Conceptus Lowers 2011 Guidance - Analyst Blog
December 09 2011 - 5:30AM
Zacks
Stricken by increased softness in
procedure volumes, especially in the European market, combined with
weaker US sales growth in November, Conceptus Inc.
(CPTS) has lowered its revenue forecast for fiscal 2011. The
company lowered its revenue guidance to $126–$128 million from the
previous level of $132–$136 million. The current revenue forecast
is well below the 2010 level of $141 million.

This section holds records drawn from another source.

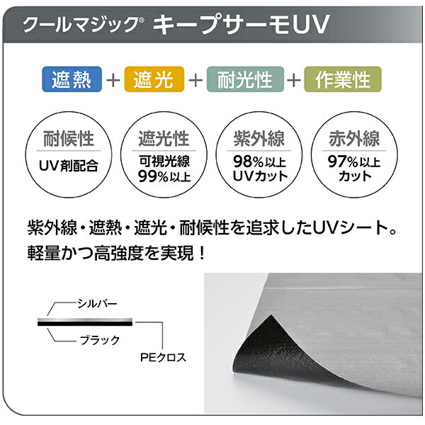 UV剤配合で耐候性アップ! 雨・雪・埃などから製品を守ります 【特長】 ●UV剤配合で耐候性アップ、また生地は#3400相当のため軽量で強度もあります。 ●遮光性:可視光線99%以上で光をしっかり遮ります。 ●紫外線(UV):98%以上カットしますので紫外線から中の製品ダメージを防ぎます。 ●赤外線:97%以上カットすることにより中の製品が熱くなりづらいです。 ●防水仕様:シート同士の接合部は溶着加工のため屋外でも雨などが染み込みづらいです。(裾部分はミシン縫製) ●絞り仕様:裾部に入っているロープで絞ることによりバタつきを防止。カバーが飛びにくくなっています。 ●生地は表面がシルバー系、裏面がブラックです。 【用途】 野済み、防塵、雨、汚れ、物流、保管時のパレットカバー。 養生カバー。保温・保冷・断熱カバー。遮光カバー。UVカバー。 【注意】 ●製造上多少のサイズ誤差があります。 ●完全防水ではありません。 ●データは試験値であり保証値ではありません。 ●パレットは別売りでカバーのみが本製品です。 【商品詳細】 サイズ:約1200mm×1200mm×1300mm(H) 材質:PE 色:(表面)シルバー/(裏面)ブラック シート厚さ:約0.26mm 質量:1.6Kg オプション:裾絞り仕様 【送料】 ■全国送料無料 ※沖縄・離島への配送は対応しておりません。 ※御注文時に法人名や店名等のご入力をお願い致します。 【サンユー印刷は、2023シーズン J1リーグへ昇格した「アルビレックス新潟」のオフィシャルクラブパートナーになりました。悲願のJ1復帰で新たな挑戦をするクラブを地元企業として微力ながらサポートさせていただきます】キープサーモUV 紫外線・遮熱・遮光・耐候性パレットカバー 屋外 保管 粉塵 雨除けキープサーモUV 紫外線・遮熱・遮光・耐候性パレットカバー 屋外 保管 粉塵 雨除け
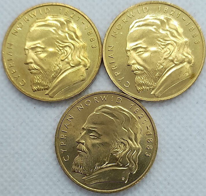 Na rewersie głowa Cypriana Norwida widok z lewego profilu. W otoku monety przy rancie napis: CYPRIAN NORWID 1821 - 1883.
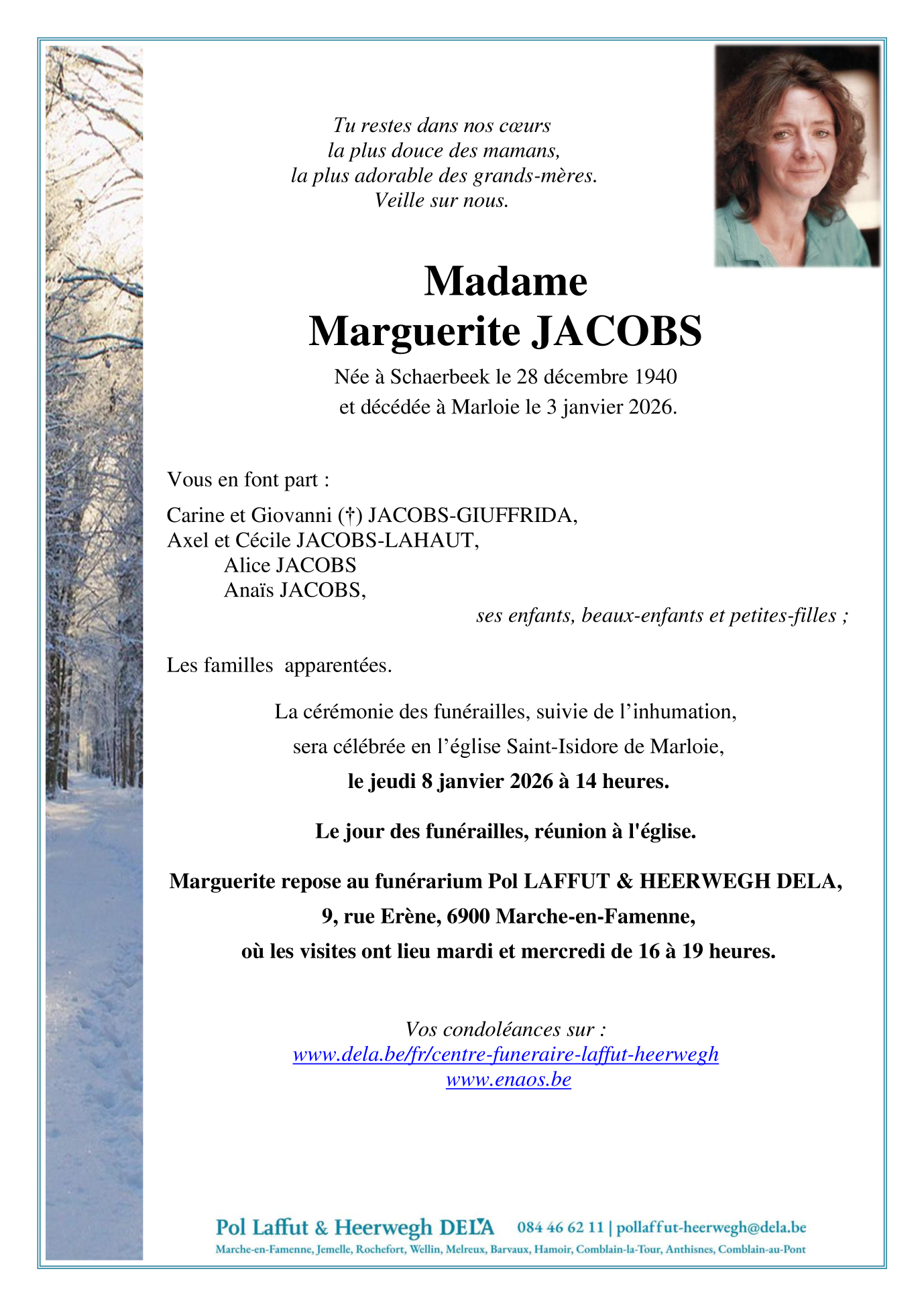 Fallecida en Marloie (6900) el sábado, 3 de enero de 2026 a la edad de 85 años

Further, the company decided to
terminate its existing credit facility and discontinue paying
commitment fees as it is not confident about meeting certain
financial commitments. At the end of September 2011, cash, cash
equivalents and short-term investments were $99.8 million compared
with $77.8 million at the end of fiscal 2010. In the third quarter
of 2011, the company generated $14.4 million in cash from
operations. Additionally, it expects to use its $99.8 million cash
in hand to repurchase $86.25 million of 2.25% Convertible Senior
Notes (due 2027) in February 2012.
In separate news, Conceptus
announced that Keith Grossman will replace Sieczkarek as the
President and Chief Executive Officer of the company. Grossman
previously was the managing director of private equity firm
TPG.
Third quarter
numbers
Revenues in the last reported
quarter declined 2.4% year over year to $33.1 million. The decline
was primarily attributed to macroeconomic headwinds, which in turn
resulted in persistent unemployment, challenging insurance trends
with loss of insurance coverage and competitive market.
Domestic sales of Essure plunged
5.5% year over year but climbed 4% sequentially to $25.8 million in
the quarter. International sales rose 11.5% on a year-over-year
basis to $6.6 million, mainly attributed to favorable currency
exchange and higher average selling prices arising from channel
mix. However, international sales declined 18.9% sequentially due
to seasonality across Europe.
Looking Ahead
During the third quarter earnings
call, management noted that the domestic top-line performance
continued to remain affected by the macroeconomic pressures
including high unemployment rates that hampered the market for
non-urgent procedures like Essure.
Moreover, OB/GYN office visits
declined leading to soft growth in the trans-cervical sterilization
market. Moreover, Conceptus is facing severe challenges as
Hologic’s (HOLX) Adiana, which is direct
competitor of Essure, is being trialed by many physicians. This has
become a real concern for Conceptus as it lacks the resource to
re-educate existing customers on the efficacy of Essure.
We are concerned about the
penetration of Adiana in the market, which has increasingly
cannibalized Conceptus’ market share. Although Conceptus is
increasing its sales force and undertaking several initiatives to
recapture market share, the outcome remains unimpressive as growth
in the hysteroscopic sterilization market has been decelerating for
three consecutive quarters. This perhaps has induced the company to
reduce its outlook. We also believe that the current sovereign debt
crisis in some European countries along with austerity measures
will further deteriorate the already gloomy situation.
Presently, Conceptus retains a
short-term Zacks #3 (Hold) which also corresponds to our long-term
‘Neutral’ recommendation on the stock.